THE TASK: What you return should be the lines from the one with "دانشگاه علوم پزشکی" through the one with "Der Gartenbereich hat" in the data below, reproduced exactly with both ends, and no pictures at all.

START DATA TO PROCESS

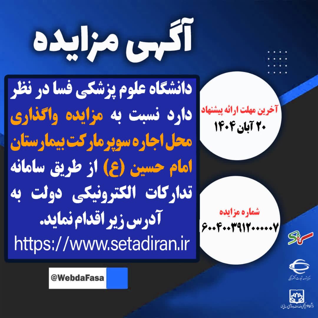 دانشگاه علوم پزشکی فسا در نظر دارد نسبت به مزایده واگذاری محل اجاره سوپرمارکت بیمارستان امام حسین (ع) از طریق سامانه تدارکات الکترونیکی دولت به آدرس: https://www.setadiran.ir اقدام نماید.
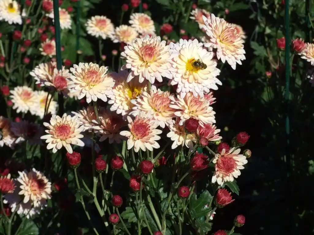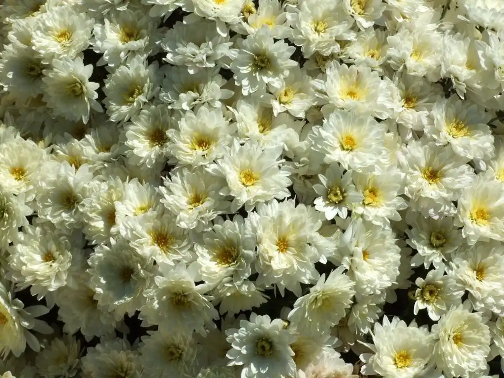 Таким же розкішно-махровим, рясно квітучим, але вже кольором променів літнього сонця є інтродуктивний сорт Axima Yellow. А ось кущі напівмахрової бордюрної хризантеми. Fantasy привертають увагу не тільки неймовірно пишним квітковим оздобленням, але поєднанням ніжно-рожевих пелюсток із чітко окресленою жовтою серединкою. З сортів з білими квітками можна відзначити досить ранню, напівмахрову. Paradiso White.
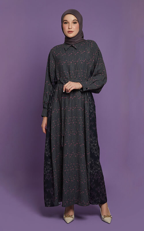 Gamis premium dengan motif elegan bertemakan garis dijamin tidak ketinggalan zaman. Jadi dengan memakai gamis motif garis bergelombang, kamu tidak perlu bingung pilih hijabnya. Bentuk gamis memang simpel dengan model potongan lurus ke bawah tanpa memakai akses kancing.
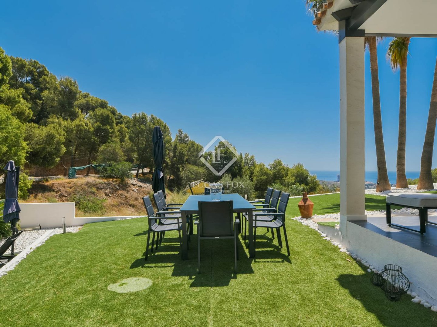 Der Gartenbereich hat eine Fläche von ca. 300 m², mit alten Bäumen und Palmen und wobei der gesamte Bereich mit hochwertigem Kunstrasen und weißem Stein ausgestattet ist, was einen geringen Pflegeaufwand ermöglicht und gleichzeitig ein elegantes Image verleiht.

END DATA TO PROCESS
START DATA TO PROCESS

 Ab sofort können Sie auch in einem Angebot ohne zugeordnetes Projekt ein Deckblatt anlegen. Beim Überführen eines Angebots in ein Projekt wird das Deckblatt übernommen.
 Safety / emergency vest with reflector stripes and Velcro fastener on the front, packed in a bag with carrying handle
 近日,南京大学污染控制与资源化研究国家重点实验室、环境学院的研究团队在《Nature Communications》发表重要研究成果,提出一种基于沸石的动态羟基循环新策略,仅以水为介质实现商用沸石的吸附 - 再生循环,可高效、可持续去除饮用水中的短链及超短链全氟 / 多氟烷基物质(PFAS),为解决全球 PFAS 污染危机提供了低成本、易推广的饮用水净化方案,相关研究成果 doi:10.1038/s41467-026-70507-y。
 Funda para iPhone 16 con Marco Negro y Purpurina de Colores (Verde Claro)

END DATA TO PROCESS

REPLY TO THE TASK:
 دانشگاه علوم پزشکی فسا در نظر دارد نسبت به مزایده واگذاری محل اجاره سوپرمارکت بیمارستان امام حسین (ع) از طریق سامانه تدارکات الکترونیکی دولت به آدرس: https://www.setadiran.ir اقدام نماید.
 Таким же розкішно-махровим, рясно квітучим, але вже кольором променів літнього сонця є інтродуктивний сорт Axima Yellow. А ось кущі напівмахрової бордюрної хризантеми. Fantasy привертають увагу не тільки неймовірно пишним квітковим оздобленням, але поєднанням ніжно-рожевих пелюсток із чітко окресленою жовтою серединкою. З сортів з білими квітками можна відзначити досить ранню, напівмахрову. Paradiso White.
 Gamis premium dengan motif elegan bertemakan garis dijamin tidak ketinggalan zaman. Jadi dengan memakai gamis motif garis bergelombang, kamu tidak perlu bingung pilih hijabnya. Bentuk gamis memang simpel dengan model potongan lurus ke bawah tanpa memakai akses kancing.
 Der Gartenbereich hat eine Fläche von ca. 300 m², mit alten Bäumen und Palmen und wobei der gesamte Bereich mit hochwertigem Kunstrasen und weißem Stein ausgestattet ist, was einen geringen Pflegeaufwand ermöglicht und gleichzeitig ein elegantes Image verleiht.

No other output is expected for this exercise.